• _To do_: Images should be omitted while the rest of the data is duplicated exactly.

• _Working data_:

========

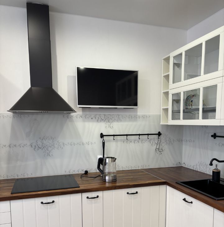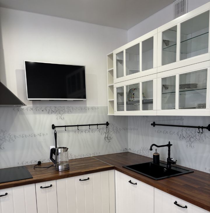 В квартире сделан евроремонт, что создаёт атмосферу уюта и современного стиля. Просторная кухня укомплектована всей необходимой мебелью и техникой: есть холодильник, посудомоечная машина и плита. В комнатах также имеется мебель для комфортного проживания. Ванная комната оснащена ванной и стиральной машиной. В квартире установлен кондиционер и телевизор, а также подключен интернет.
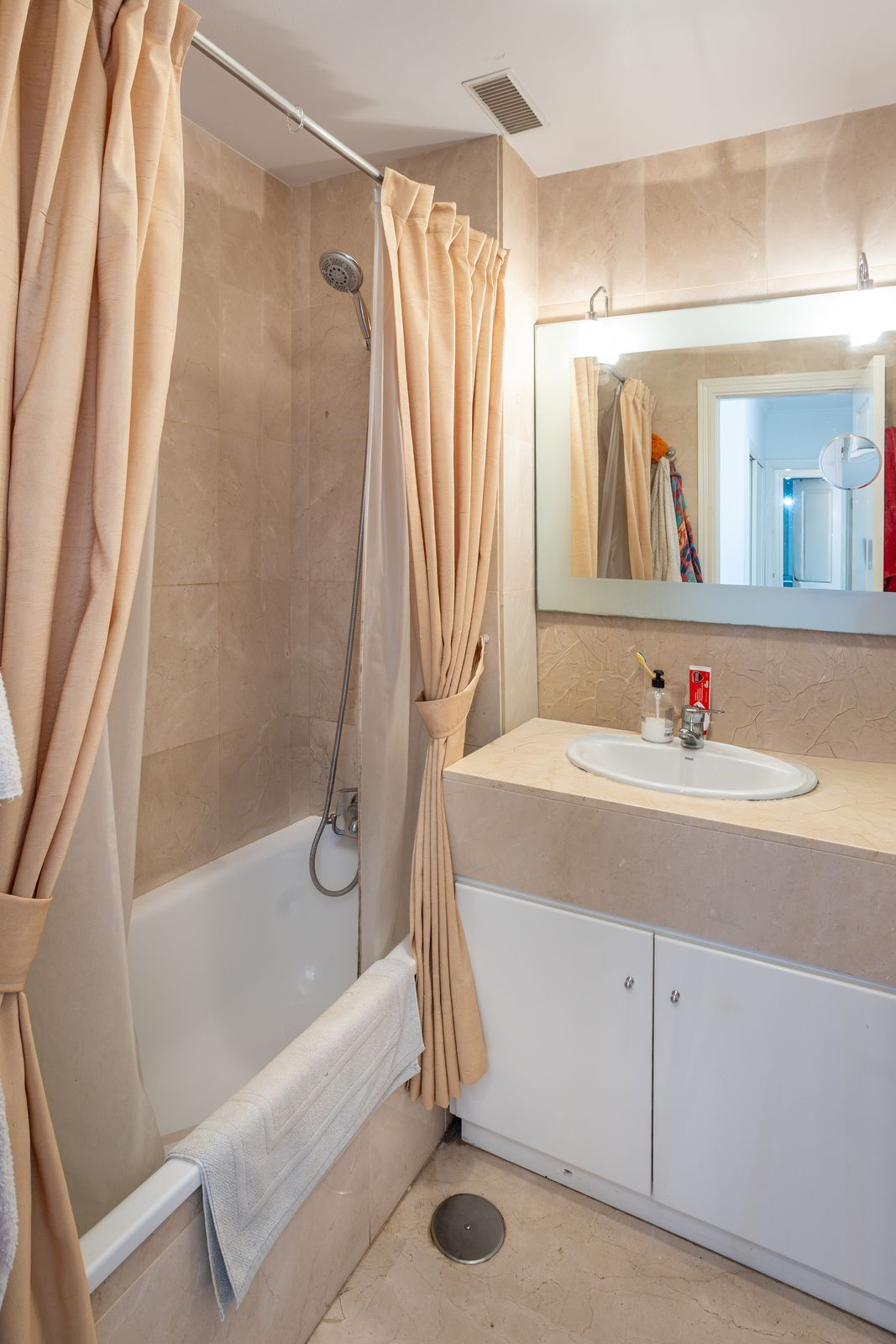 La propriété est en bon état, avec 3 chambres, 3 salles de bains, 3 terrasses ouvertes, une cuisine entièrement équipée et meublée, et la climatisation dans toutes les pièces.
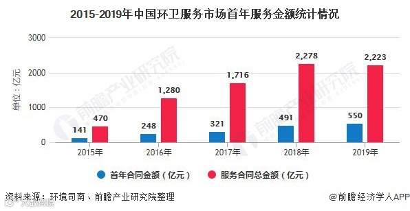 环卫服务市场化改革之初至目前成为必然的发展趋势,据环境司南不完全统计,2019年全国各地新签环卫服务合同总金额为2223亿元,同比略降2.41%,首年合同金额为550亿元,同比增长12.02%。
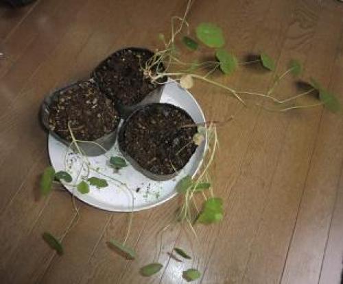 今日は気温4~8℃、雨時々曇りであり、風がやや強い。明日は気温3~9℃、晴れ時々曇りの予報である。こぼれ種ナスタチウムを先月中旬から室内に入れているが、やはり徒長してきたので、切り戻して、挿し芽にした。(ポット上げして室内に入れているこぼれ種ナスタチウム3株のうち、)(1株が特に徒長したので、)(切り戻して、先を挿し芽にした。)ナスタチウムの前回(10-11年)の冬越しは、それ以前の経験から徒長することがわかっていたので、室内に入れるのはなるべく遅い方が良いということで、12月末にしたのだが、今回は置き場所の都合などで、早く室内に入れていた。12月末に室内に入れた前回でも1月末に伸びたのを切り戻しているので、今回ももう一度ぐらいは切り戻しが必要かも知れない。なお、ナスタチウムは今年は我が家では開花していないので、このナスタチウムは昨年以前にこぼれた種からのものである。・・・・・・(今日あたり開花の予想だったクリスマスローズ・コルシカスの蕾はお預け。)(その代わり、別の株にも蕾が出てきた。)(バーシーカラーは16日に開花したが、その後は休業状態。)(12月初めにチューリップと一緒に植えたムスカリが発芽を始めた。)(クロッカス。)(アリッサム。)(サザンカ。)
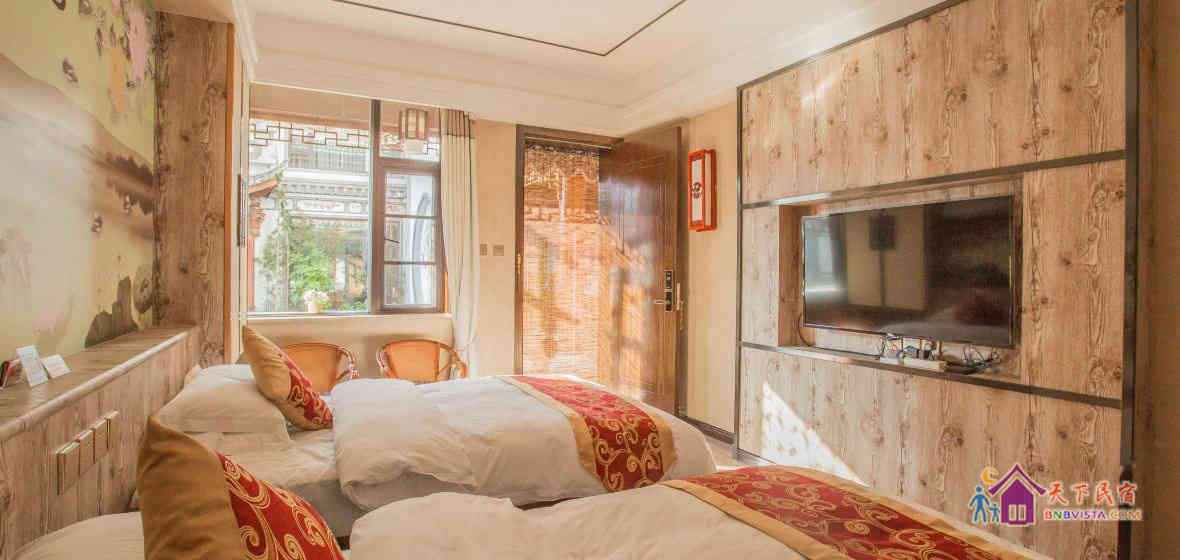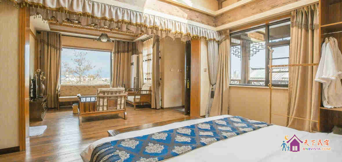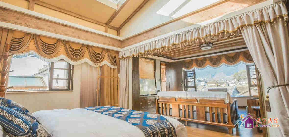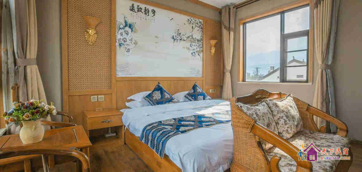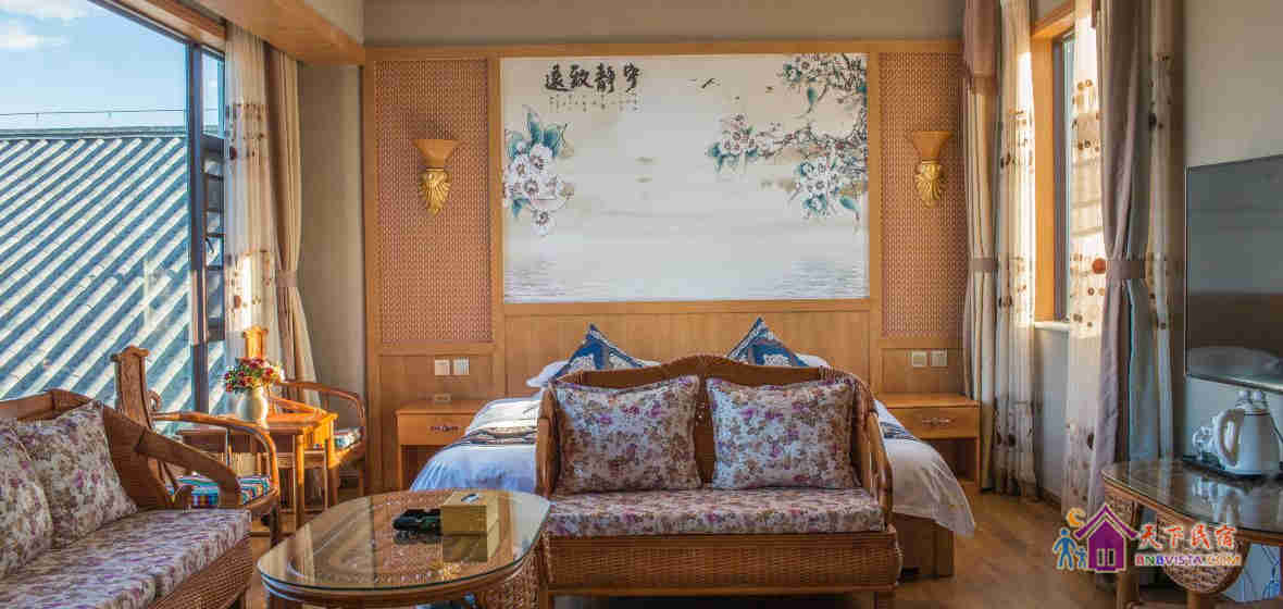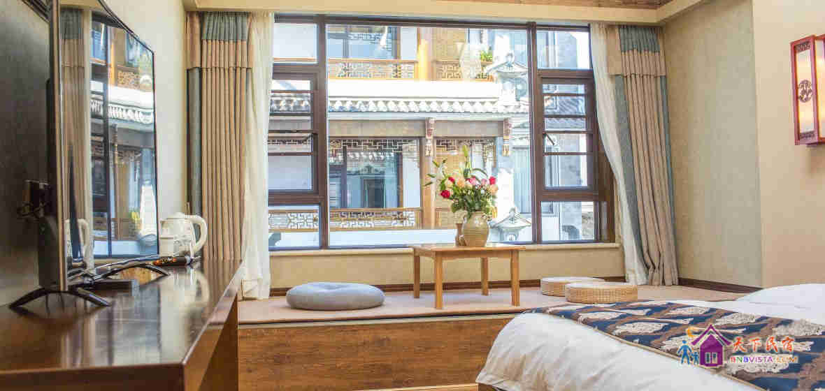天台窗外可远眺苍山全景——白雪、青山;近观古镇全貌——鸟瞰民居、别致古奇、岁月有痕、鸟语花香,尽享阳光美景及千年古镇之灵气,让心灵有了归宿。

========

• _Your response_:
 В квартире сделан евроремонт, что создаёт атмосферу уюта и современного стиля. Просторная кухня укомплектована всей необходимой мебелью и техникой: есть холодильник, посудомоечная машина и плита. В комнатах также имеется мебель для комфортного проживания. Ванная комната оснащена ванной и стиральной машиной. В квартире установлен кондиционер и телевизор, а также подключен интернет.
 La propriété est en bon état, avec 3 chambres, 3 salles de bains, 3 terrasses ouvertes, une cuisine entièrement équipée et meublée, et la climatisation dans toutes les pièces.
 环卫服务市场化改革之初至目前成为必然的发展趋势,据环境司南不完全统计,2019年全国各地新签环卫服务合同总金额为2223亿元,同比略降2.41%,首年合同金额为550亿元,同比增长12.02%。
 今日は気温4~8℃、雨時々曇りであり、風がやや強い。明日は気温3~9℃、晴れ時々曇りの予報である。こぼれ種ナスタチウムを先月中旬から室内に入れているが、やはり徒長してきたので、切り戻して、挿し芽にした。(ポット上げして室内に入れているこぼれ種ナスタチウム3株のうち、)(1株が特に徒長したので、)(切り戻して、先を挿し芽にした。)ナスタチウムの前回(10-11年)の冬越しは、それ以前の経験から徒長することがわかっていたので、室内に入れるのはなるべく遅い方が良いということで、12月末にしたのだが、今回は置き場所の都合などで、早く室内に入れていた。12月末に室内に入れた前回でも1月末に伸びたのを切り戻しているので、今回ももう一度ぐらいは切り戻しが必要かも知れない。なお、ナスタチウムは今年は我が家では開花していないので、このナスタチウムは昨年以前にこぼれた種からのものである。・・・・・・(今日あたり開花の予想だったクリスマスローズ・コルシカスの蕾はお預け。)(その代わり、別の株にも蕾が出てきた。)(バーシーカラーは16日に開花したが、その後は休業状態。)(12月初めにチューリップと一緒に植えたムスカリが発芽を始めた。)(クロッカス。)(アリッサム。)(サザンカ。)
天台窗外可远眺苍山全景——白雪、青山;近观古镇全貌——鸟瞰民居、别致古奇、岁月有痕、鸟语花香,尽享阳光美景及千年古镇之灵气,让心灵有了归宿。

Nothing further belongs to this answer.